#### Available data

━━━━

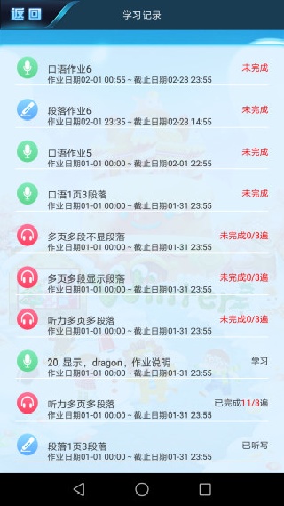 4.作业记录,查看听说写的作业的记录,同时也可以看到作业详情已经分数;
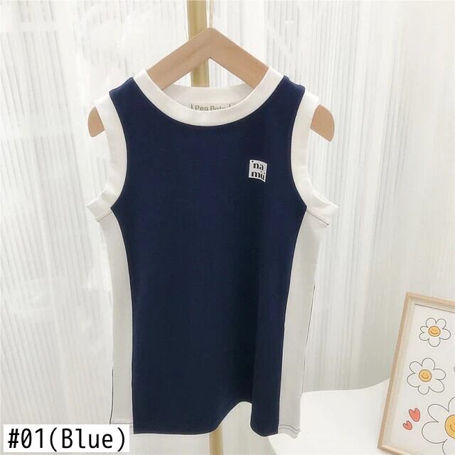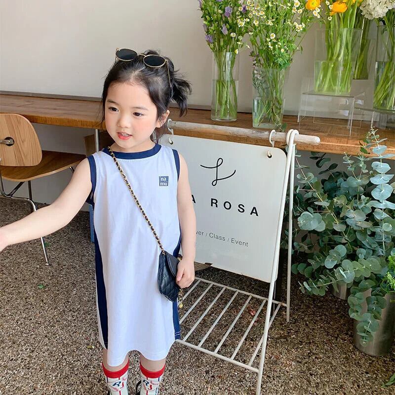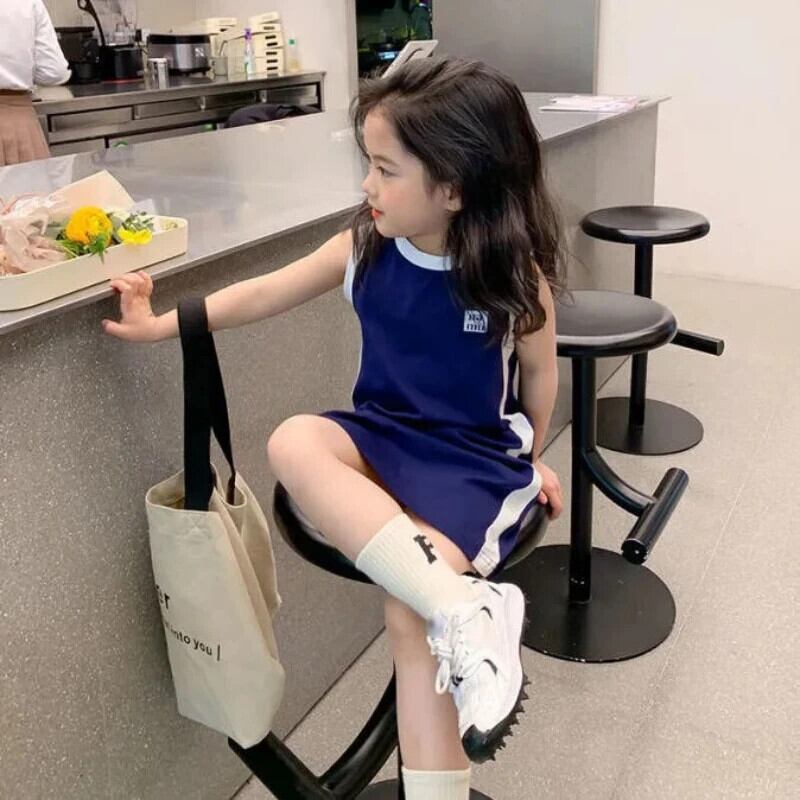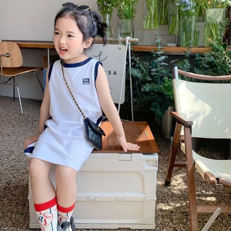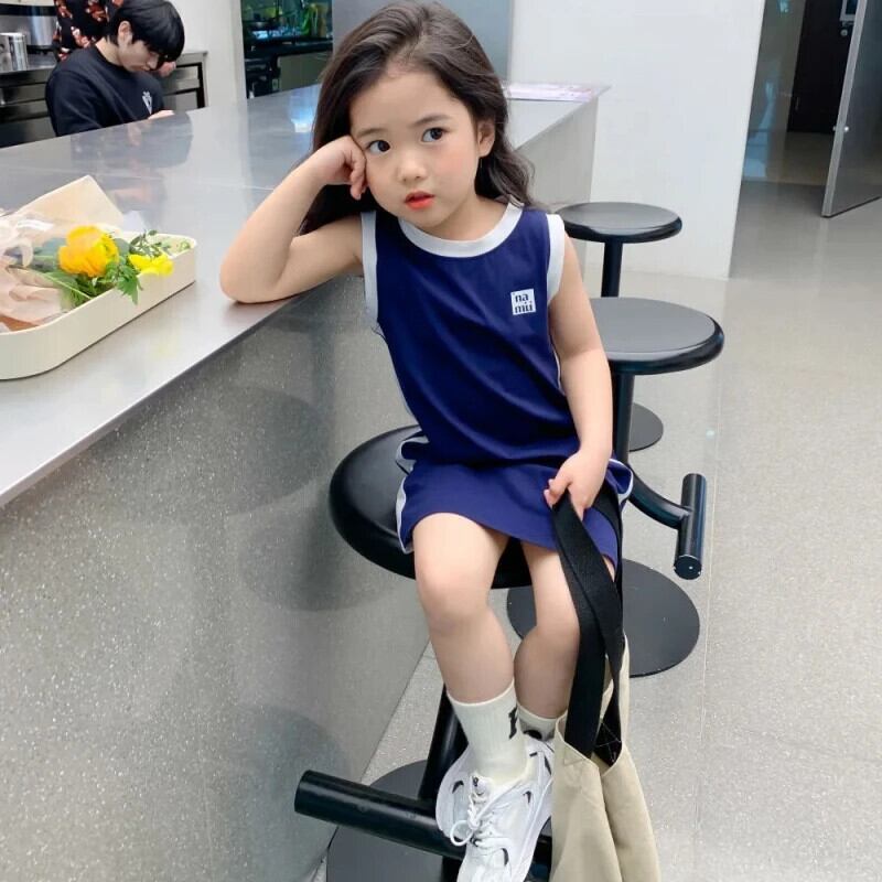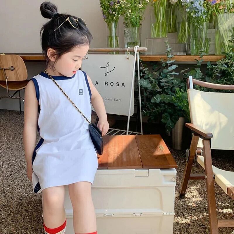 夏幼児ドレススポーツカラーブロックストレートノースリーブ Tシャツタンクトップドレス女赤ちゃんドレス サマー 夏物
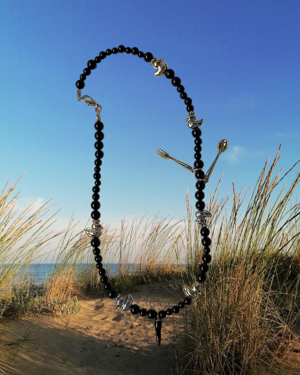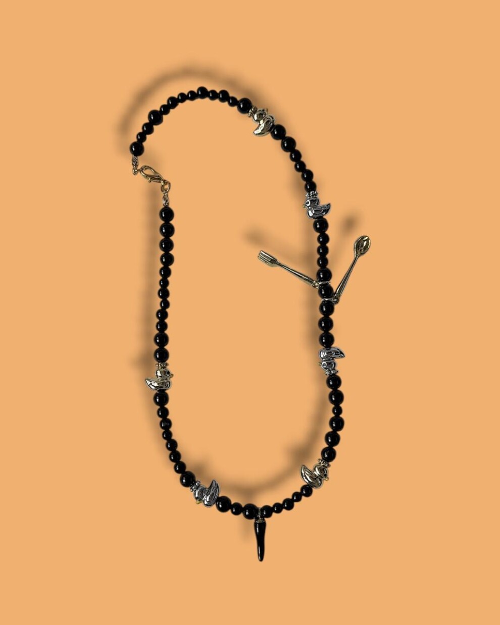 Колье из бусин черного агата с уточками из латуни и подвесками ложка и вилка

━━━━

#### The problem
These lines alone form the answer: the one containing "夏幼児ドレススポーツカラーブロックストレートノースリーブ Tシャツタンクトップドレス女赤ちゃんドレス サマー" and every line after it through the end of the material, exactly as written, pictures left out.

#### Exercise answer
 夏幼児ドレススポーツカラーブロックストレートノースリーブ Tシャツタンクトップドレス女赤ちゃんドレス サマー 夏物
 Колье из бусин черного агата с уточками из латуни и подвесками ложка и вилка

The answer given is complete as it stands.